即便是有人来烧香拜佛,晚上露宿也是在山脚下的清凉府,这来回一折腾就显得麻烦,故而来的人便很少,几乎没有。

温黁只当作听不见,径直往上走,为显诚心,这个地方都是需要自己往上爬的。

温墨却是横了对方一眼,似笑非笑:“父亲又不在这,这么着急的表孝心是给谁看的?”

温黁不恼不羞,微笑着说:“妹妹把孝心都表到了父亲那里,那就表里如一一些,侍卫们虽然都在山脚下,但保不齐就哪个耳目聪明,听到了,也看到了,妹妹这‘孝心’可别最后成了笑话。”

说完扬长而去,爬上台阶。

温墨的脸色红一块白一块,忍不住回望了一下山脚不远处的侍卫,冷哼一声,然后急匆匆地爬了上去。
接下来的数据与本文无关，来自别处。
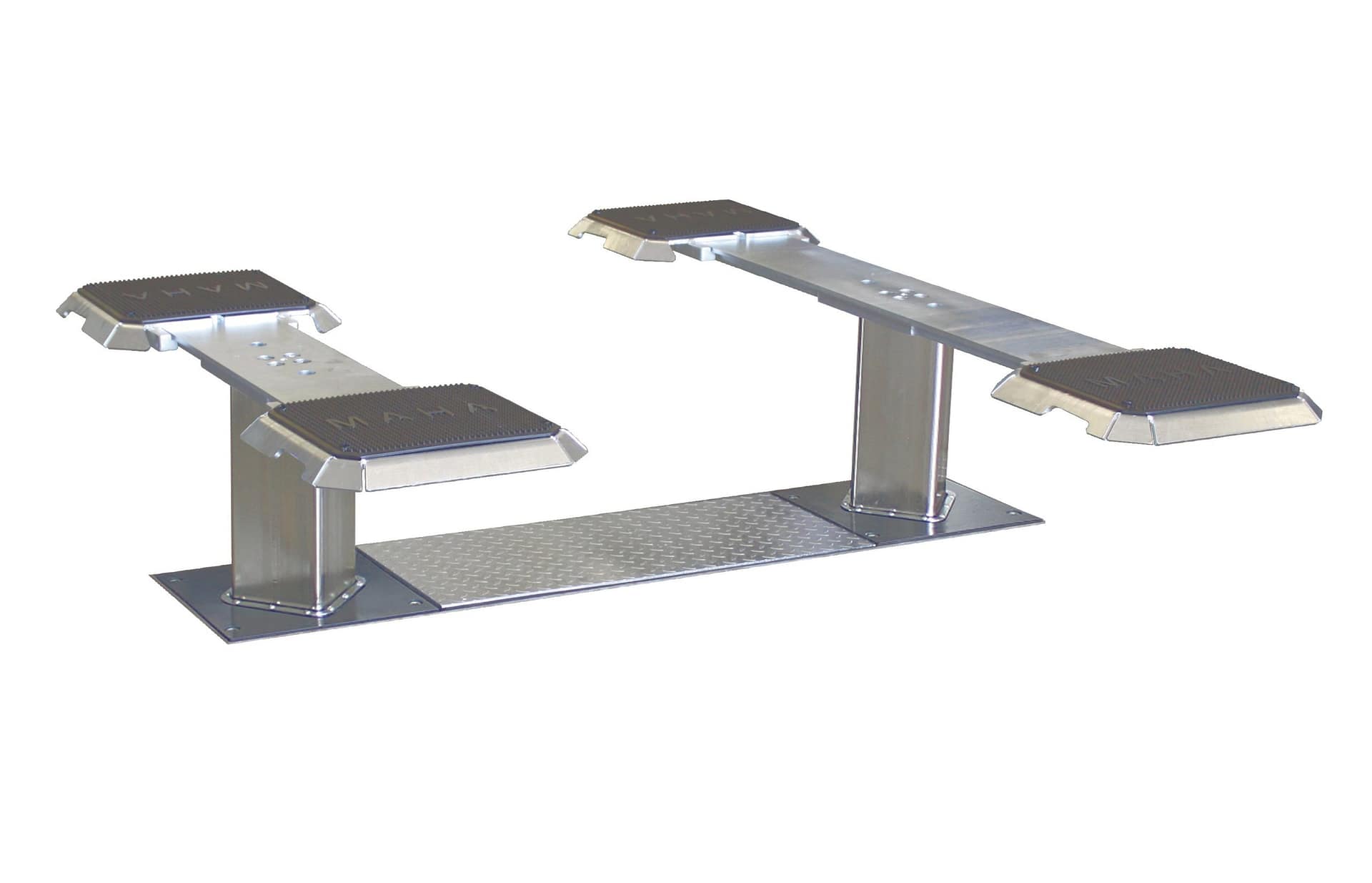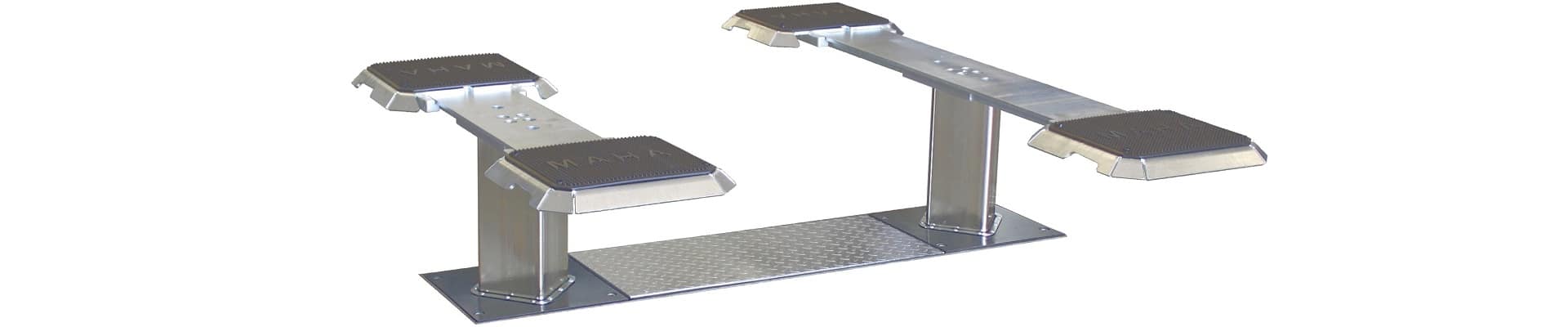 Entrée et sortie facilitée et très délicate pour les pneus grâce à des extensions chanfreinées à très faible hauteur, munies de plateaux de réception en caoutchouc (hauteur d’env. 60 mm seulement)

正值冬季,地面上却被清扫得干干净净,这台阶一共有五千,清扫的如此仔细,该是寺内的小沙尼所为。

脚踩上去,每一步都很稳,这青玉的台阶,光是看着就给人一种安心的感觉。

走完之后,只怕会凝神静气,心中安定。

正往前走着,温黁忽然听见有人唤自己,回过头去一瞧。

温墨正过来,杨妃色的蝴蝶绕花袖子抬了起来,瞧这架势,是要来拉自己的手。

那手修长,一看就知道没干过什么重活,指甲盖上面,还染着颜色。

看着那双染着鲜红豆蔻的手,温黁顿时不适,眉毛一皱,便躲开了。

本来也是寻常事,可不知怎么回事,温墨似乎脚下一软,整个人向后跌去,亏得身边的婢女手疾眼快,一把将人拉住,但也狠狠的摔在了地上,只是没有跌下去罢了。

温墨摔在了阶梯上,半天都没起来,哎哟哎哟叫着不停,疼的眼泪似乎都要落下来了,同时用眼睛瞪着人:“姐姐,你推我做什么?”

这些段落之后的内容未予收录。